416: many efforts made

429: citation #78 not provided

Author Response

From this reviewer's perspective, there are a few areas of the manuscript that may benefit from clarification as well as modifications within two WJ Criteria sections. 

REVIEWER
Moreover, it would be helpful to revise formatting to improve delineation of Intro and the Ethical/Communication/etc sections from the WJ Criteria subheader paragraphs. 
RESPONSE
The authors have used bold type and capital letters to delineate the sections of the paper and bold type and lower case for subsections.  These changes are subject journal editorial approval.

REVIEWER
line 34: for contrast from from solely PKU, it would be helpful if some examples provided as to the current number of disorders screened in a few countries/states.
RESPONSE
The authors have add this sentence now at line 36.  "By 2015, the United States Secretary of Health and Human Services’ Advisory Committee on Heritable Disorders in Newborns and Children recommended the inclusion of 32 conditions on its Recommended Uniform Screening Panel.  These have been adopted by all states with some state to state variability [2].

REVIEWER
line 46-7: please clarify the distinction made between what this paper provides versus "rather than recommendations"
RESPONSE
The authors agree that the paper provides both issues for consideration and some suggestions.  Therefore we have rewritten the sentence now at line 49 to read: "We focus primarily on issues for consideration but provide some suggestions on how conditions might be chosen and how screening by genomic testing could be implemented."

REVIEWER
line 120: Please describe what is Screen4Care consortium as some readers may not know.
RESPONSE
The author had rewritten the sentence now starting on line 131.  It now reads: "This is one of the main rationales behind the creation of the Screen4Care consortium, a European collaborative Innovative Medicines Initiative [13] and the Newborn Genomes Programme in the United Kingdom [12]. 

REVIEWER
line 129: please explain why authors consider WJ  "appropriate" (term used by authors) or select another descriptor.
RESPONSE
The author had rewritten the sentence now starting on line 145.  "Wilson and Jungner [25] set out principles for choosing conditions that can be used for screening and reporting (Table 1)."   

REVIEWER 
line 190: Reviewer's recommendation is to develop this section as overly brief in comparison to other sections.
RESPONSE
The authors agree that the point of this screening criteria may not be clear.  At line 213 we have added this sentence: "This is a key attribute of any disorder under consideration if there is to be a timely intervention."  

REVIEWER
line 225-275: This section is disproportionate in size (overly large) to other sections and many key points get obscured.

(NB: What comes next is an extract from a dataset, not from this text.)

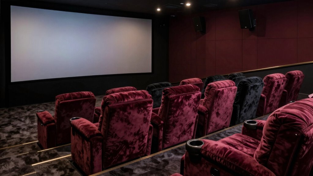 Since comfort is at the core of a great home theater experience, adjustable features like power recline, headrest, and footrest play a crucial role in customizing your seating. These features let you find the perfect angle for viewing, whether you prefer a slight recline or a fully laid-back position. Memory buttons are especially handy, saving your favorite angles for quick adjustments. Multi-way adjustable recliners support ergonomic positioning, which reduces strain and helps maintain good posture during long movies or gaming sessions. Integrated USB and Type-C ports are conveniently positioned to match adjustable headrests, making device charging effortless at different angles. The range of adjustment angles, from 140° to 180°, directly impacts relaxation, giving you the flexibility to tailor your seating for maximum comfort.

Some ideas presented here may not precisely fall under this header.
RESPONSE
The authors appreciate that this section is long.  But acceptance by parents of genome sequencing with its attendant issues will be challenging.  In each paragraph we try to describe an aspect of screening by genome sequencing that will have to be explained to families and found acceptable.

REVIEWER
line 293: please remove comma between test and. preferred
RESPONSE 
comma removed

REVIEWER
line 346-7: please describe why important these were just "published"
RESPONSE
Now at line 379 we have added this sentence: "These publications are important as they highlight the complexity of carrying out an economic analysis of GS."

REVIEWER
416: many efforts made
RESPONSE
The author had rewritten the sentence now starting on line 458: "Many efforts made to study these issues are underway [77]." 

REVIEWER
429: citation #78 not provided
RESPONSE
The citation numbering has been corrected.